Chinese tourists buy bulk of luxury
The nation's consumers accounted for 46 percent of the sector's global sales, as travelers parted with hundreds of billions of dollars
Chinese consumers spent 1.2 trillion yuan ($184 billion; 166 billion euros) abroad last year, and more than 60 percent bought luxury products - including handbags, cosmetics and mobile gadgets, a luxury-market consultancy says.
Their luxury spending alone amounted to $116.8 billion, according to Beijing-based Fortune Character Group.
Chinese tourist pay bill up at a Lotte department store in central Seoul, South Korea. Kim Hong-Ji / Reuters |
Chinese consumers accounted for a whopping 46 percent of global luxury sales, the company says.

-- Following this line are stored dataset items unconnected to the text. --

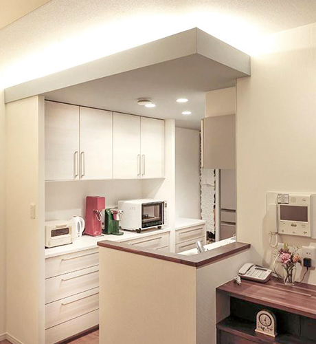 張り出したキッチンに合わせて天井も伸ばし間接照明で美しく。
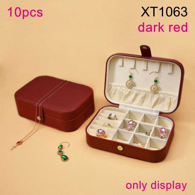 Home > Fashion Jewelry Portable Multi Functional Storage Dark red Rectangle PU leather Jewelry box;Only display
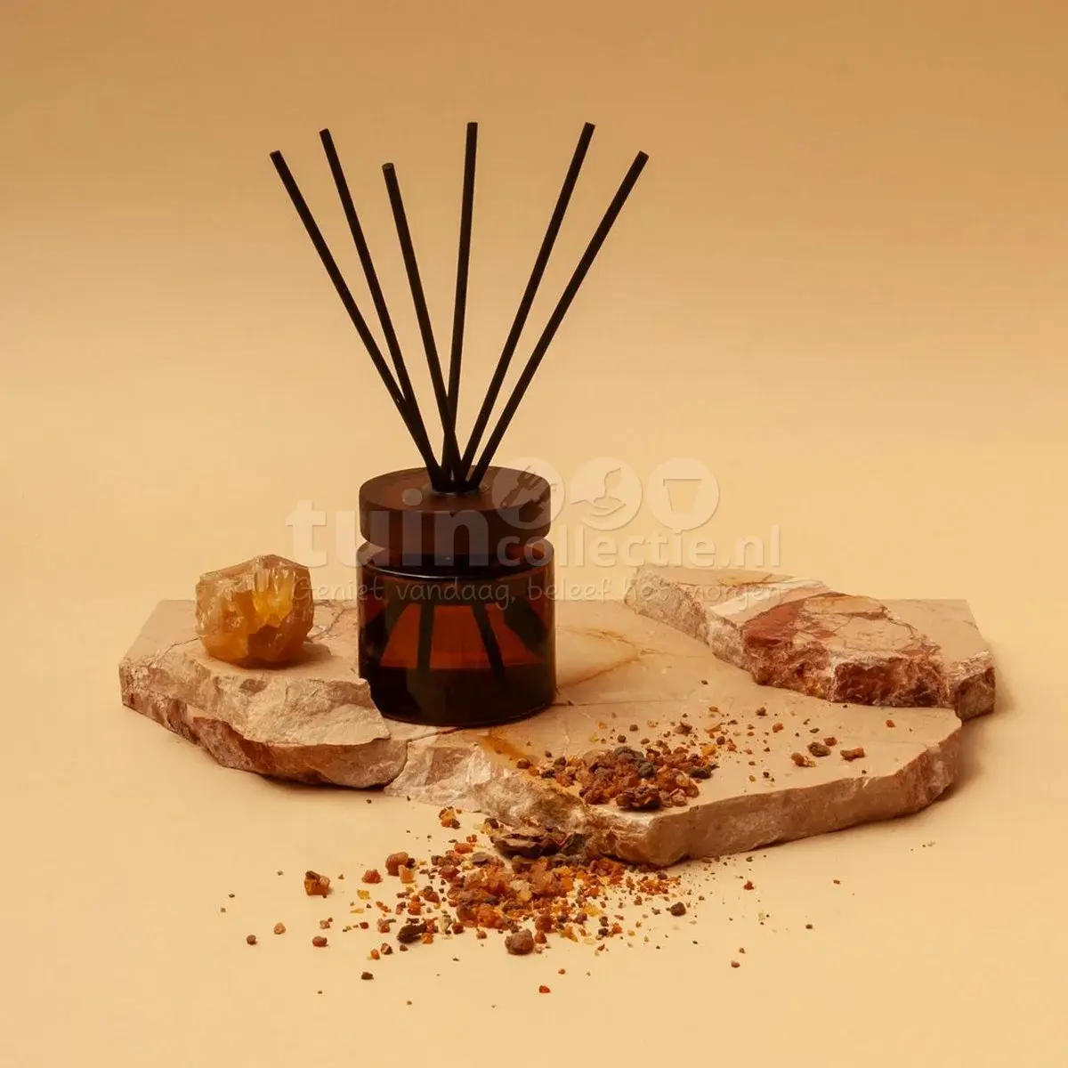 Met deze geurstokjes uit de Iconic Collection van Spaas verspreid je de lekkerste geuren in huis. De geurstokjeshouder is gemaakt van warm donkerbruin glas en heeft aan de bovenzijde een houten ring, wat hem een luxe uitstraling geeft. De reed diffuser is 24cm hoog en heeft een diameter van 7,5cm. Deze set wordt geleverd met 150ml geurolie en zwarte geurstokjes. Plaats de stokjes in het glas en geniet van een heerlijke, langdurige geurverspreiding door je huis. Deze geurstokjes hebben de geur Glorious Glimmer; een heerlijk ruikende mix van mirre en amber gehuld in een muskusachtige omhelzing waardoor een verleidelijke en mysterieuze geur ontstaat. Een amberachtige muskusgeur met geurnoten van bergamot, cipres, wierook, mirre, poederachtige noten, muskus, vanille, ambroxan en sandelhout. Dankzij het navulconcept kun je blijven genieten van de heerlijke geur. Daarnaast zijn deze Iconic geurstokjes een perfecte aanvulling op de Delight geurkaarsen van Spaas.

According to the Ministry of Commerce, Chinese consumption power overseas grew on average by 27.8 percent annually between 2005 and last year, doubling such power in the domestic market.

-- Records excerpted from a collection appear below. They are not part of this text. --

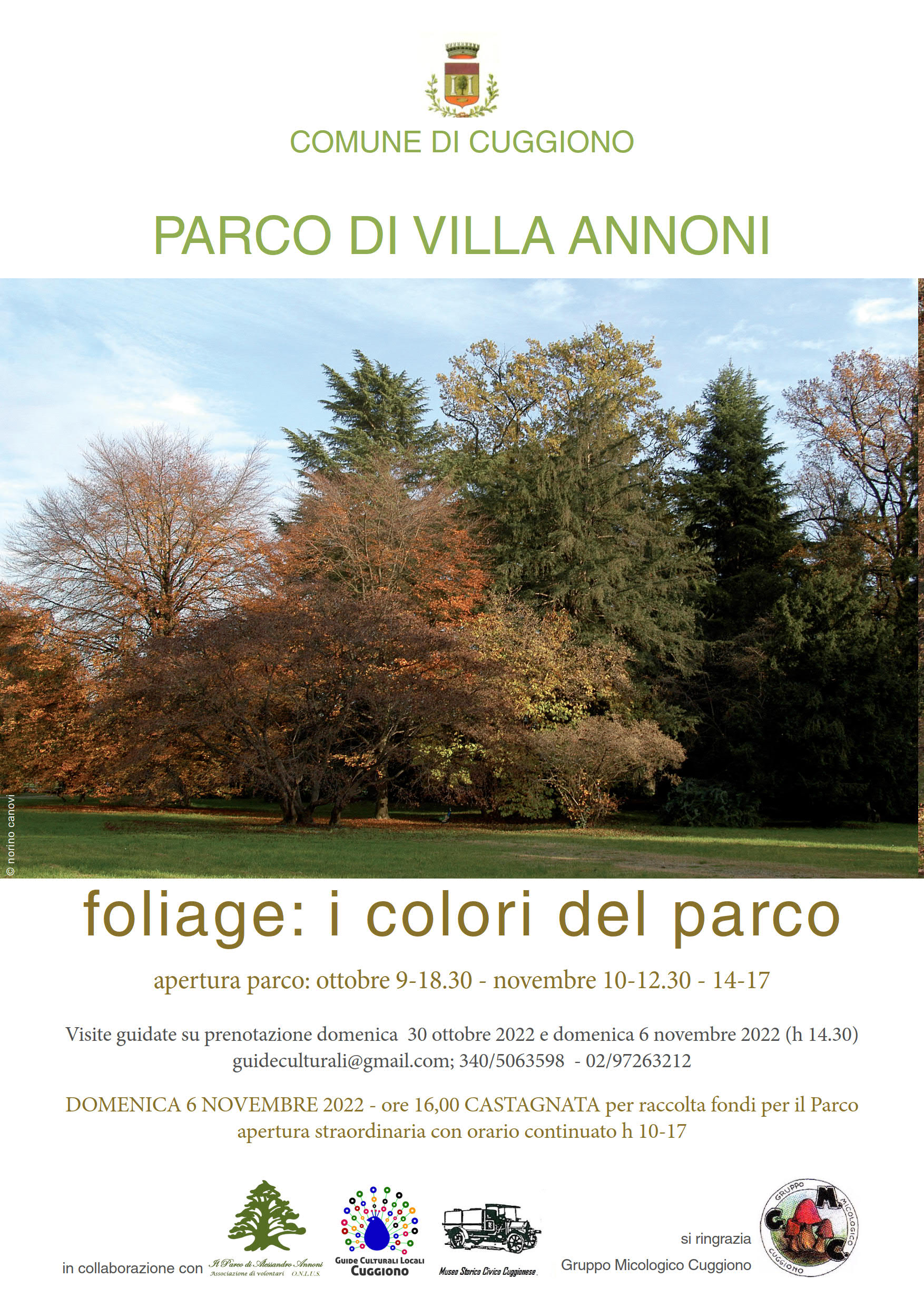 Domenica 30 ottobre e domenica 6 novembre 2022 il parco di Villa Annoni sarà aperto con orario continuato e si potranno effettuare visite guidate – su prenotazione – per ammirare i maestosi alberi del parco che cambiano colore e si preparano ad affrontare l’inverno.
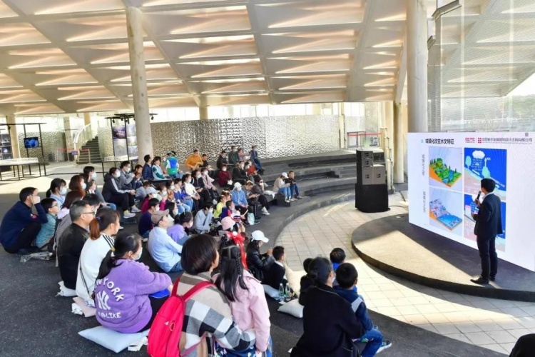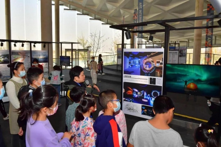 实地探索后,大家来到未来社区样本展位于纸飞机的主展厅。策展人为大家导览了“临港·生长”临港新片区2周年建设成果展。孩子们对星空之境海绵公园的模型产生了极大的兴趣,他们将自己一路探索所得的照片和展览里的模型一一对比,对海绵城市的理解更加深入。
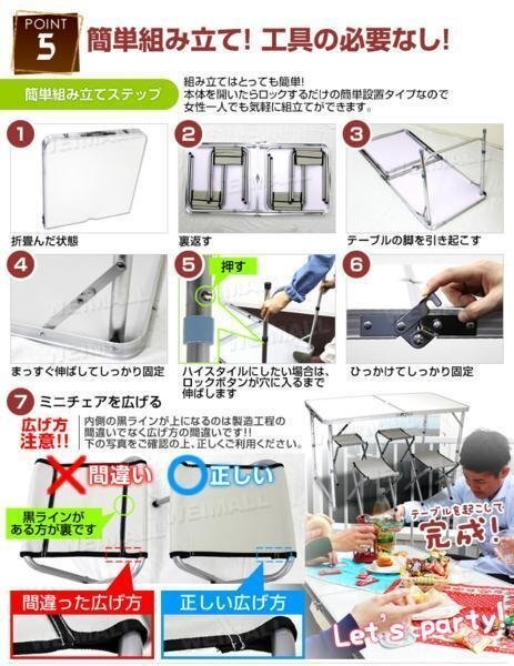 テーブルの中に椅子を収納することで、車のトランクに入れる時や持ち運びの時に便利です!! 組み立てはとっても簡単! 開いてロックするだけの簡単設置タイプなので女性一人でも気軽に組立てができます。 高さは「ハイスタイル」「ミドルスタイル」「ロースタイル」の3段階調節。 お好みや用途に合わせて使い分けることができる嬉しい仕様♪ 天板中心部にはパラソル用ホールがあるので、ベランダやテラスでの使用にもおススメです♪ キャンプ、バーベキュー、お花見などにとても便利! 【商品仕様】 折りたたみ式 テーブルサイズ(約):幅120×奥行60×高さ55cm/62cm/70cm ※高さ3段階調節 カラー:ホワイト 収納サイズ(約):幅60×奥行7×高さ60cm チェアサイズ(約):幅33×奥行29×高さ35cm パラソル用ホール直径サイズ(約):26mm 耐荷重(約):テーブル/25kg、チェア/70kg 重量(約):6.7kg 材質:アルミ、MDF(耐熱・耐水加工)、ポリエステル、スチール 【商品内容】 ・テーブル ×1 ・チェア ×4 【注意事項】 ・海外製品で、簡易梱包での輸入のため風防に擦れや多少の小キズなどがある場合がございますが、商品自体には問題ありませんのでご了承下さい。 ・商品は、モニターによって色合いが異なって見える場合があります。 ・仕様・デザインは改良のため予告なく変更することがあります。 【その他ラインナップ】 ・90cm(ベンチ付き) ・90cm(4色選択・ベンチなし) ・120cm(イス付き) ・120cm(4色選択・イスなし) ・135cm(BBQタイプ) ・180cm(4色選択・イスなし) ・240cm(4色選択・イスなし) |

"Convenient travel conditions, the appreciation of the yuan, and attractive foreign retail and tourist markets pushed Chinese to buy more foreign products in both physical stores and online shops," says Jiang Yiyi, director of the China Tourism Academy's International Tourism Development Institute.
Government figures show that more than 120 million Chinese tourists went abroad last year. Meanwhile, slowed domestic consumption remains a concern for the central government.

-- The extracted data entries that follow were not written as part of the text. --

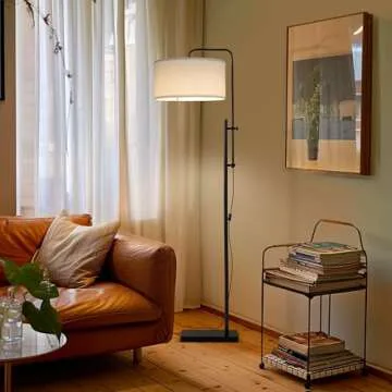 Brightech Leo Mid-Century Modern Standing Lamp for Bedroom, Contemporary Lamp for Living Rooms & Offices, Tall Lamp with Heavy Base, LED Floor Lamp, Great Living Room Décor - Black
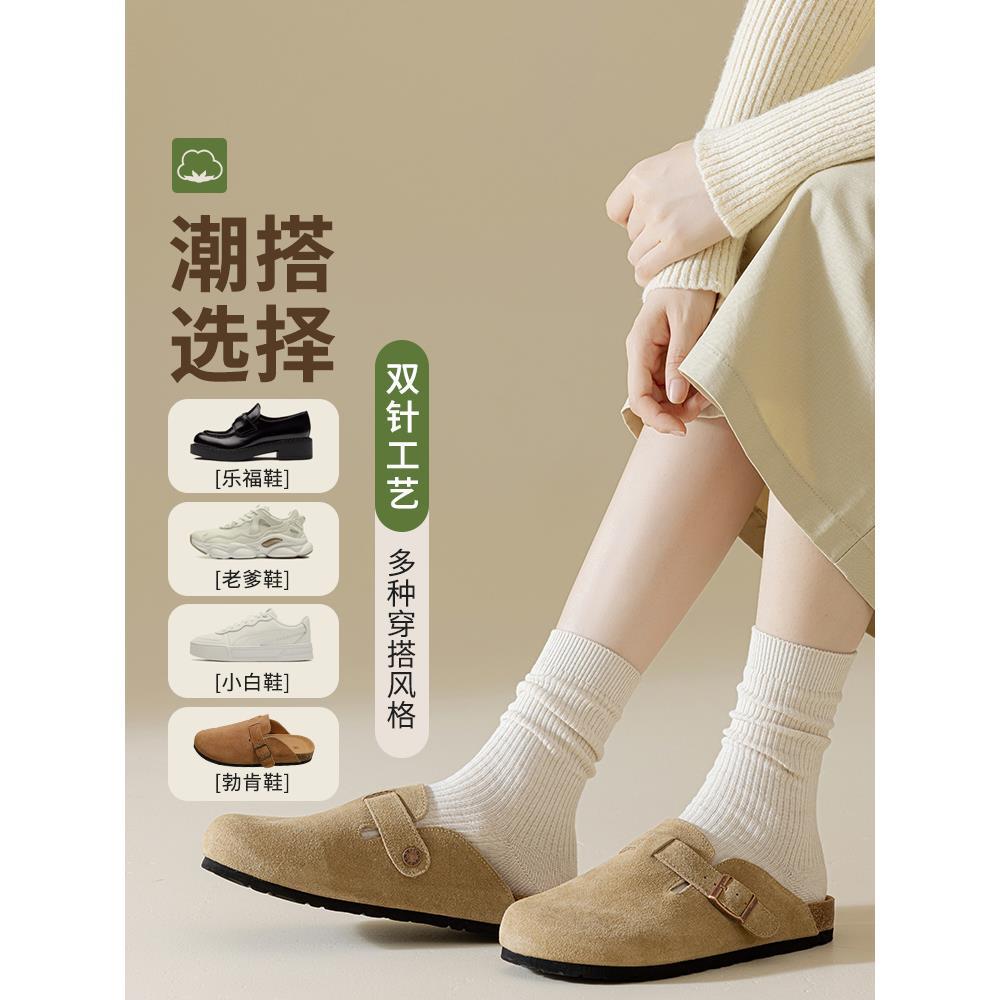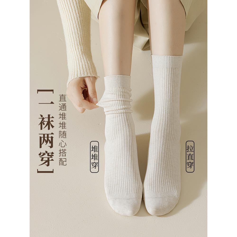 帕兰朵袜子女中筒袜春秋季 棉袜吸汗透气纯色百搭堆堆袜防臭长筒袜
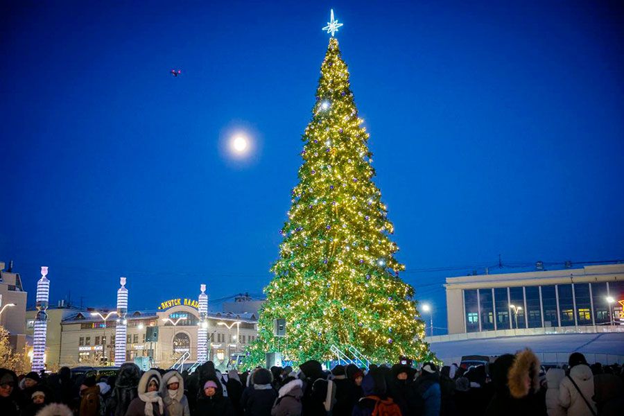 В этот день новогодние огни на ёлках зажглись также на площади Орджоникидзе в Якутске и в муниципальных районах республики.

The country's consumer market was generally steady but fluctuated slightly, seeing low spending levels at the start of last year before a rebound toward the end.
Retail sales of consumer goods last year reached 30.1 trillion yuan, a year-on-year rise of 10.7 percent, according to the Ministry of Commerce.
If one-third of current overseas consumption had taken place in the domestic market, China's retail sales of consumer goods would have risen by at least 1 percentage point, according to Li Jian, a senior researcher at the Chinese Academy of International Trade and Economic Cooperation, a ministry think tank.
However, prices of imported goods remain high compared with the same articles in overseas markets.
Research by the China Chamber of International Commerce on the development of the country's consumer market last year found that the prices of 37 high-end consumer goods were between 40 percent and 68 percent higher than the same products in the United States, France and Germany.
The goods included watches, electronic products, wine, clothing, suitcases and handbags.